→ Exercise prompt
With the images excluded, set down every line of the listing below exactly.

→ Material provided

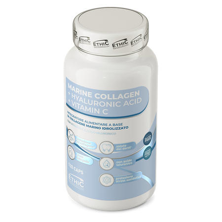 Ethic Nutraceutici Marine Collagene + Hyaluronic Acid + Vitamina C to suplement diety zawierający kompleks trzech starannie dobranych składników: hydrolizowanych peptydów kolagenu rybiego, kwasu hialuronowego w formie hialuronianu sodu oraz witaminy C. Preparat został opracowany z myślą o osobach, które chcą uzupełnić swoją codzienną dietę w cenne związki.
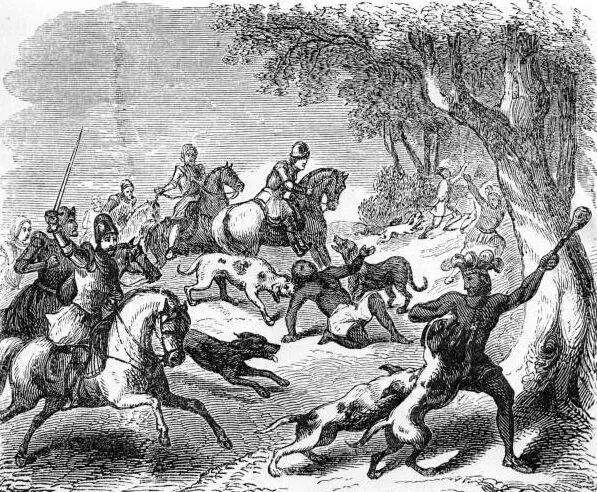 两条腿的人哪能跑得过四条腿的狗,在猎犬的围追堵截之下,一些印第安人被西班牙探险者的长矛穿心而过,有些则被西班牙人用刀剑砍倒在地,而由于当地印第安人缺少铠甲防护,他们面对猎犬的尖牙厉爪时难以相抗,因此还有很多倒霉的印第安人被猎犬直接撕成了碎片,惨不忍睹。
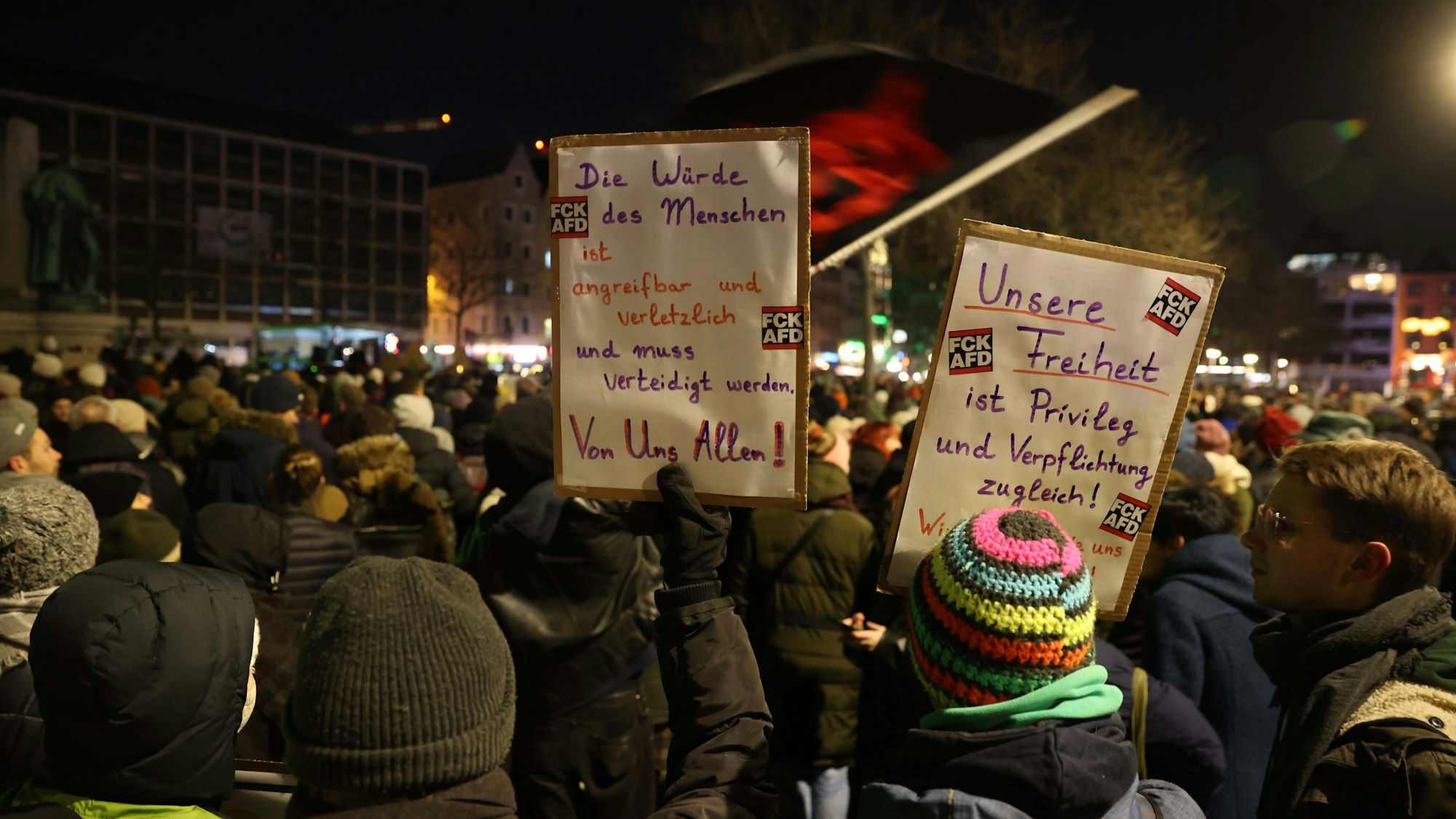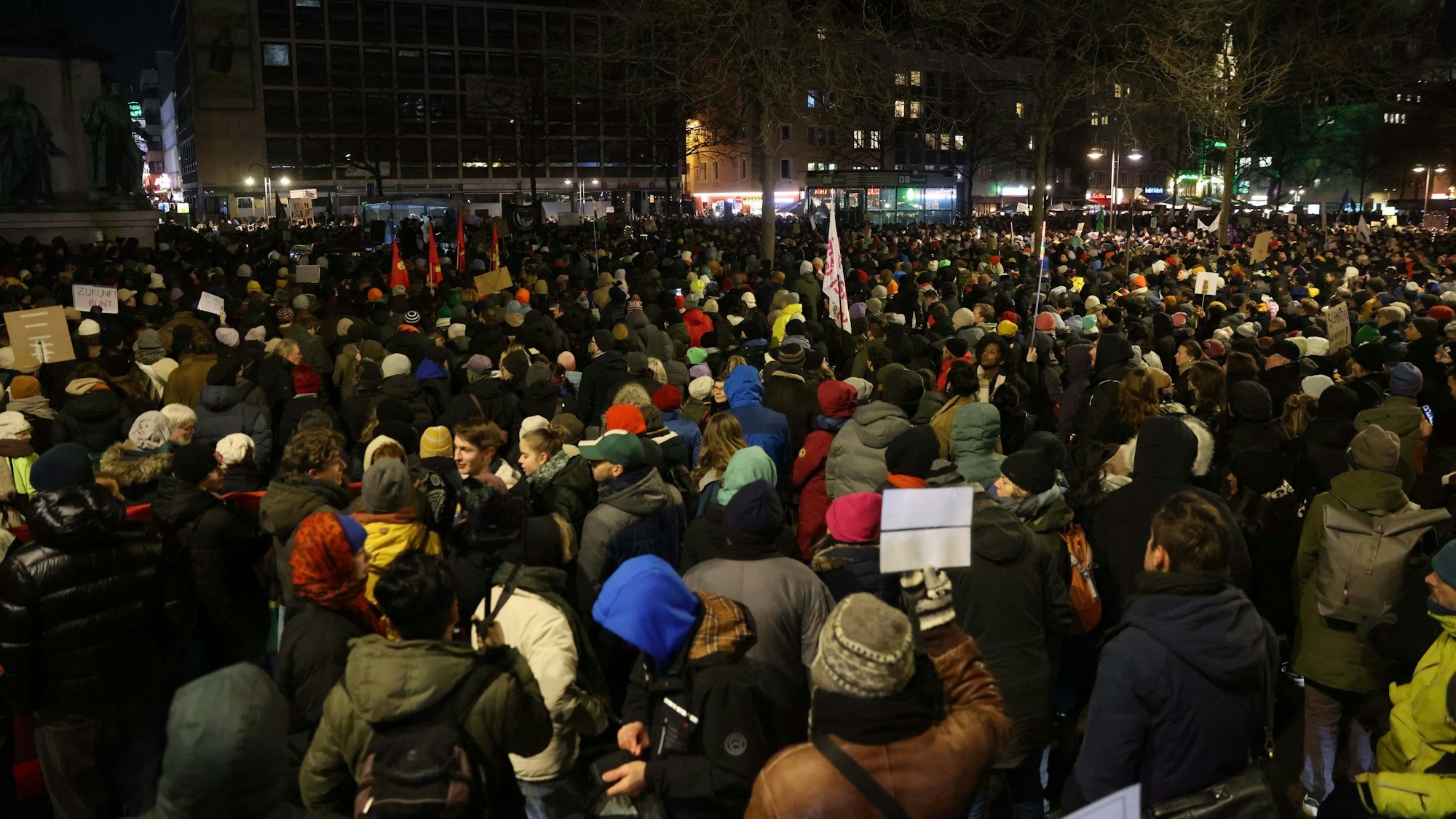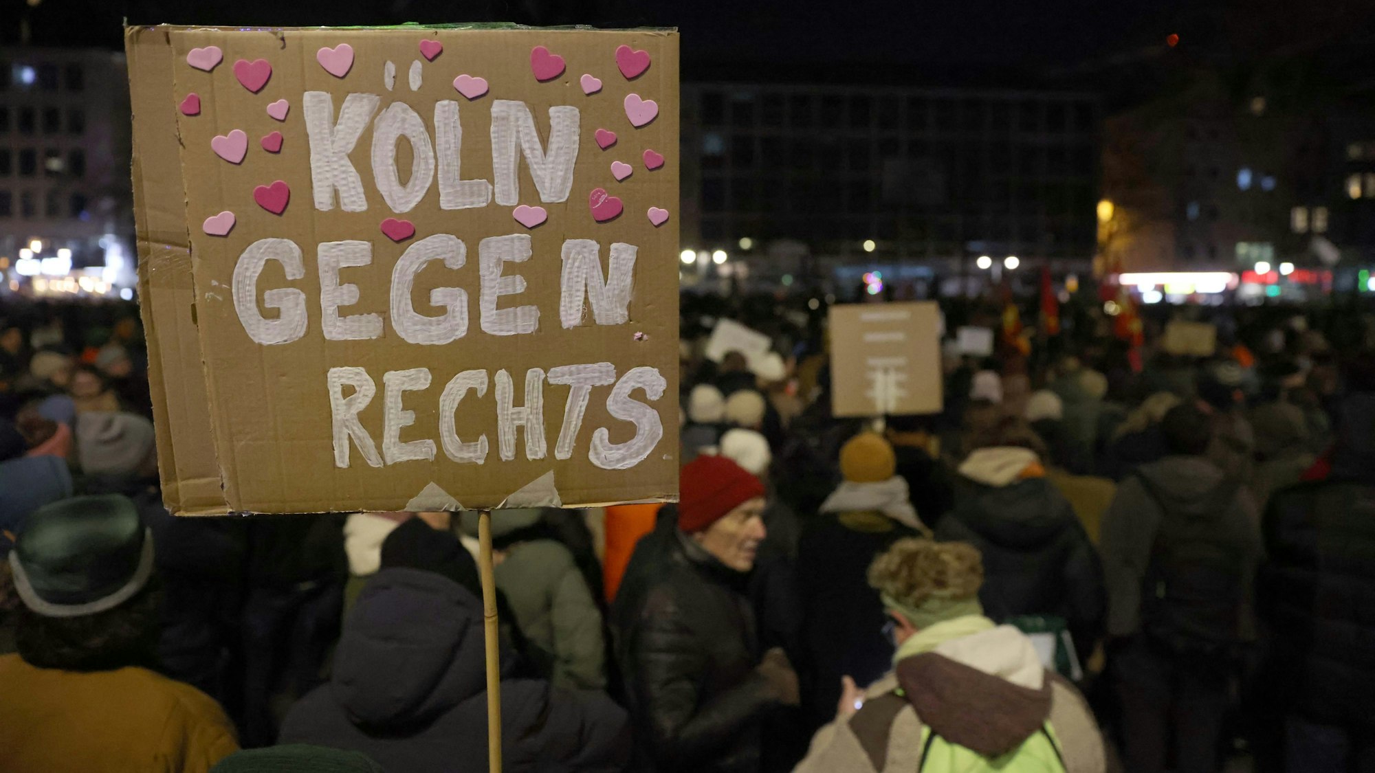 Die Resonanz ist riesig: Zehntausende Menschen sind dem Demonstrationsaufruf gegen Rechts und für Demokratie am Dienstagabend gefolgt. Dass Köln sich gegen Rechtsextremismus und Fremdenfeindlichkeit positionieren kann, haben die Kölnerinnen und Kölner in der Vergangenheit schon oft bewiesen. Doch diese Kundgebung sucht ihresgleichen. In Größe und Spontanität ist sie vielleicht nur vergleichbar mit der Arsch-Huh-Demo von 1992. Sah es anfangs noch so aus, als würden weit weniger Menschen als die 7000 angemeldeten Demonstranten zusammengekommen, waren es schließlich mehrere Zehntausende, die zum Heumarkt strömten. Das hatten weder die Anmelder noch die Polizei in dieser Dimension erwartet.
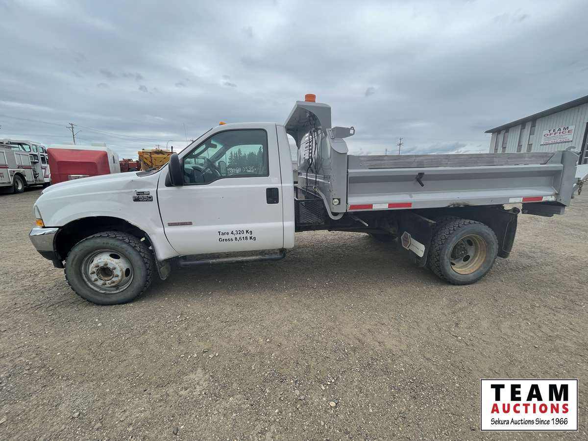 Power Stroke V8 diesel engine, auto transmission, cloth interior, hydraulic dump box, 19.5" tires
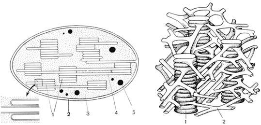 Строение хлоропласта. Слева — продольный разрез через хлоропласт. Участок внизу показан в увеличенном виде: 1 — граны, образованные ламеллами, сложенными стопками; 2 — оболочка; 3 — строма (матрикс); 4 — ламеллы; 5 — капли жира, образовавшегося в хлоропласте. Справа — трехмерная схема расположения и взаимосвязи ламелл и гран внутри хлоропласта: 1 — граны; 2 — ламеллы.

→ Result
 Ethic Nutraceutici Marine Collagene + Hyaluronic Acid + Vitamina C to suplement diety zawierający kompleks trzech starannie dobranych składników: hydrolizowanych peptydów kolagenu rybiego, kwasu hialuronowego w formie hialuronianu sodu oraz witaminy C. Preparat został opracowany z myślą o osobach, które chcą uzupełnić swoją codzienną dietę w cenne związki.
 两条腿的人哪能跑得过四条腿的狗,在猎犬的围追堵截之下,一些印第安人被西班牙探险者的长矛穿心而过,有些则被西班牙人用刀剑砍倒在地,而由于当地印第安人缺少铠甲防护,他们面对猎犬的尖牙厉爪时难以相抗,因此还有很多倒霉的印第安人被猎犬直接撕成了碎片,惨不忍睹。
 Die Resonanz ist riesig: Zehntausende Menschen sind dem Demonstrationsaufruf gegen Rechts und für Demokratie am Dienstagabend gefolgt. Dass Köln sich gegen Rechtsextremismus und Fremdenfeindlichkeit positionieren kann, haben die Kölnerinnen und Kölner in der Vergangenheit schon oft bewiesen. Doch diese Kundgebung sucht ihresgleichen. In Größe und Spontanität ist sie vielleicht nur vergleichbar mit der Arsch-Huh-Demo von 1992. Sah es anfangs noch so aus, als würden weit weniger Menschen als die 7000 angemeldeten Demonstranten zusammengekommen, waren es schließlich mehrere Zehntausende, die zum Heumarkt strömten. Das hatten weder die Anmelder noch die Polizei in dieser Dimension erwartet.
 Power Stroke V8 diesel engine, auto transmission, cloth interior, hydraulic dump box, 19.5" tires
 Строение хлоропласта. Слева — продольный разрез через хлоропласт. Участок внизу показан в увеличенном виде: 1 — граны, образованные ламеллами, сложенными стопками; 2 — оболочка; 3 — строма (матрикс); 4 — ламеллы; 5 — капли жира, образовавшегося в хлоропласте. Справа — трехмерная схема расположения и взаимосвязи ламелл и гран внутри хлоропласта: 1 — граны; 2 — ламеллы.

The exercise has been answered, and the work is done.